Monday, July 23, 2007

Secularism

On days like today (and most other days too, of course!) I feel lucky to have a friend like E, who is a Cypriot and can fill me in on Turkish politics. In the morning as I was driving to work, Morning Edition had a piece on Turkey re-electing their Prime Minister, whose opposition fears that he is "too Islamist". If E hadn't explained it to me a while back, I wouldn't have understood the way many Turks feel about the legacy of Mustafa Kemal Atatürk, who founded the modern republic of Turkey as a secular state, and I would have been confused at a Muslim country being worried about a leader being "too Islamist".* Atatürk seems to have been a great proponent of education and women's equality, but also of not passing laws that forced people to change their ways or their religious beliefs, but simply encouraged them towards tolerance and secularism (for instance, his wife wore a headscarf, but he married her in a civil, not religious ceremony). It's hard to argue with a man who said, "A nation which does not practice science has no place in the high road of civilization. But our nation, with its true qualities, deserves to become - and will become - civilized and progressive."

Then this afternoon on my way home, I heard Robert Seigel interviewing the director of The Washington Institute's Turkish Research Program, Soner Cagaptay, on All Things Considered. It was a fascinating interview, and Mr. Cagaptay's main point was that the political discussion in Turkey had changed from "Islamist v. Secular," where secular was apparently an easy choice, to "Muslim v. Secular". The latter was causing secular party to lose support as, understandably, many Muslims, when forced to choose, were choosing "Muslim" over "Secular". This reminds me of the debates here where the conservatives have managed to re-frame the discussion over the past years from "Republican vs. Democrat" to "moral vs. liberal". Under those new names, you can see why people who would align themselves with the Democrats would instead give allegiance to the "moral" party (well, I wouldn't, but I guess I would call it "traditional vs. progressive" and hence choose the latter). Anyway, in Turkey the debate has been re-framed, and it's split the country approximately 50/50.

Up till now, the military has always stepped in if they felt that the Republic and values of Atatürk were at stake, and apparently the Turkish elite, appreciating the progress under the Republic, have approved of that. (Isn't it surprising to see the intellectual elite and military on the same side?) And now we'll have to see what happens, and whether Turkey can preserve itself as a country where one can be both a Muslim and a secularist, and whether it can do it without a violent military coup. I hope, as an example to the whole world (including us, who could really use a reminder of what a secular government looks like!) that it can.

* I also wouldn't have known that you can't search for Turkish swear words on Google without getting back a whole lot of porn.

1 comment:

Anonymous said...

interesting how you describe progressive. On the gootube-cnn debate yesterday, Hilary gave a clear distinction between what the definition of 'liberal' was, what it has become, and instead decided to label herself as 'progressive'. Well, a moderate-progressive, whatever that means :) Perhpas the democrats have been reading your blog and understand how 'liberal' in middle america somehow translates into socialism and heresy.

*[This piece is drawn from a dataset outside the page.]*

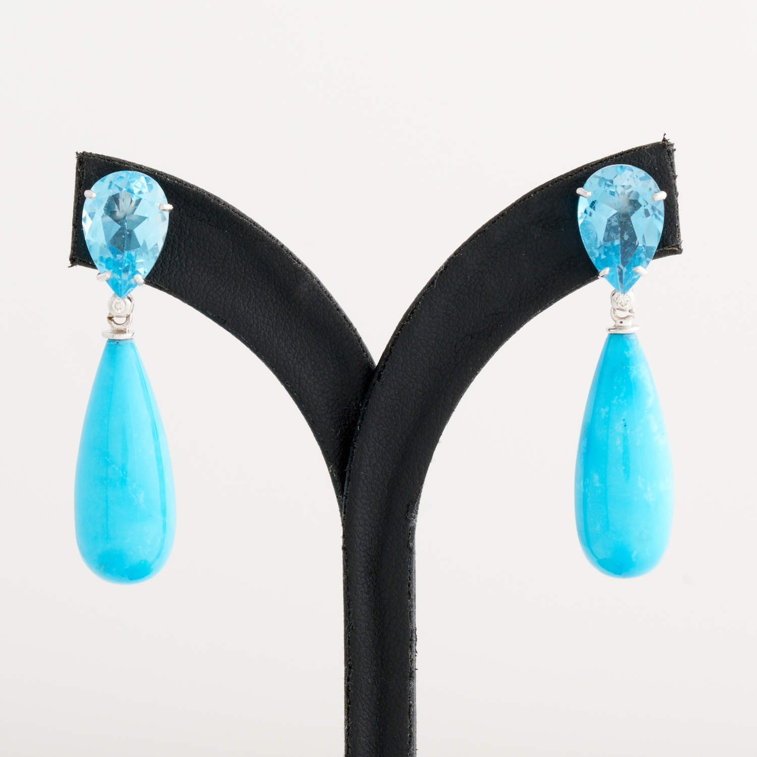 A PAIR OF TURQUOISE, BLUE TOPAZ AND DIAMOND EARRINGS IN 18CT WHITE GOLD, THE BLUE TOPAZ WEIGHING 14.20CTS, TO POST AND BUTTERFLY FITTINGS, 45MM, 14.48GMS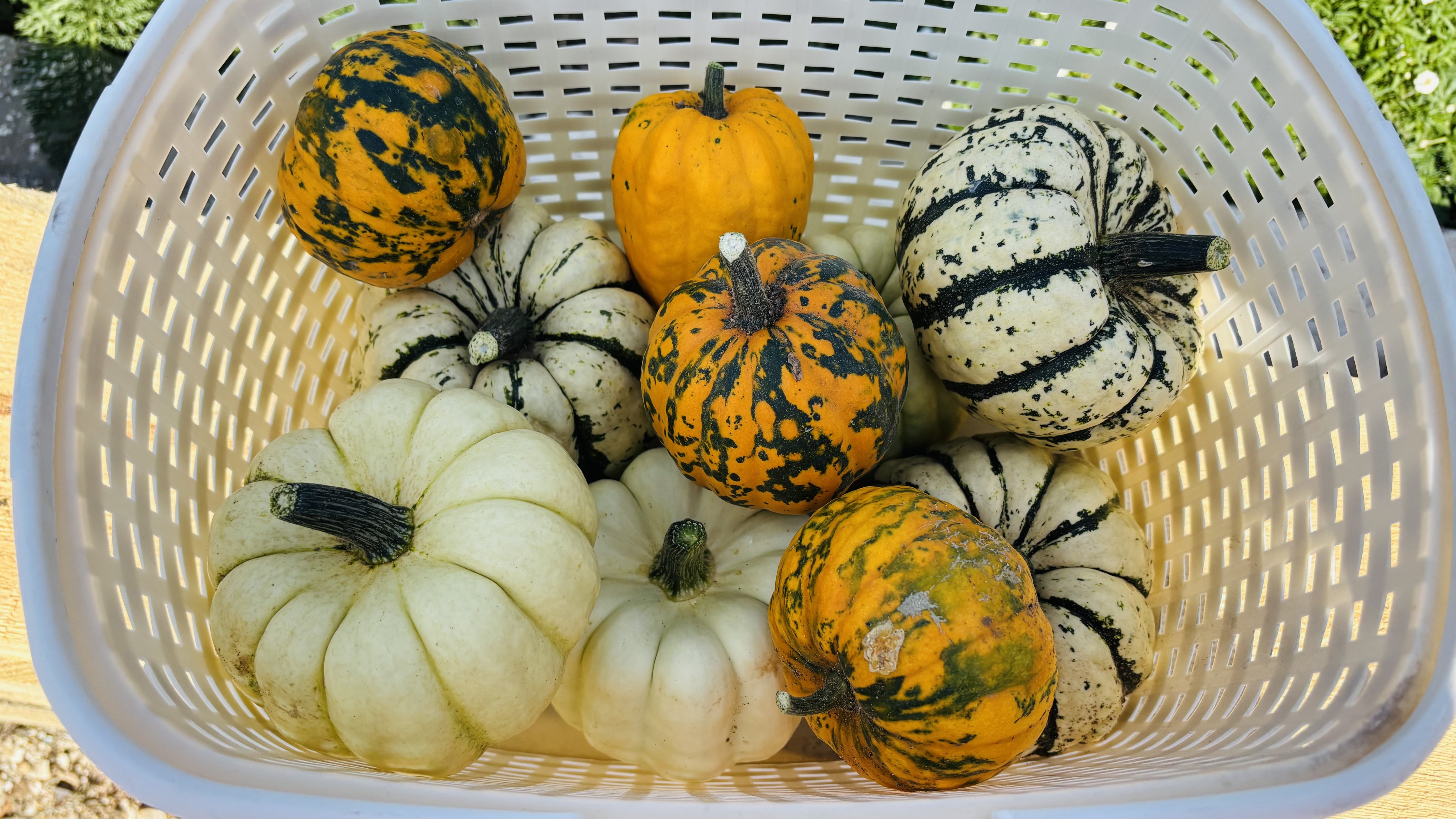Комментарий: Шикарный сорт для декорации, красив, шикарен массой 400-700г, длинноплетистое, на одном кусту 3-5 шт тыквочек вырастает, среднеспелый сорт. На вкус не очень.

I usually compare the AK party in Turkey to the CDU in Germany. Somehow when a christian party is elected in europe, it seems perfectly legit, but apply the same principle to an islamist party and you've got uproar.

Note- the uproar comes from within. People in turkey have this fear they'll wake up one day and notice they are in Iran. However, if you look at the track record of the AK party after being in power for over 5 years, they have instituted mass reforms of the countries justice system to conform to EU law, i.e. eliminate the death penalty, (we haven't even done that here in the US!) and have aggressively pursued EU integration and membership. They understand what people will not tolerate. A canadian perspective - for the longest time Canadians were scared to elect a conservative party to government, scared they would touch universal health-care. The liberal party even ran attack ads portraying what Canada will become in the hands of conservatives: US-style health-care. However Canadians knew that the debate was over, and that value is something all of us would rise to defend. Today we live with a conservative government in power. The only thing they've done to health care is increase government spending. They know that trying to do anything else would cause revolt and consequently lose every election for another 15 years.

It will be interesting to see if Turkey can sustain secularism on its own without the stick of the military. It's really the next step in becoming a modern, progressive, true democracy. The people of Turkey will not wake up one day and find themselves in Iran, instead they'll feel confident enough in their values that they'll no longer need the military to protect what they value so dear. Instead they'll protect this with the one thing every great nation gives its citizens. A vote.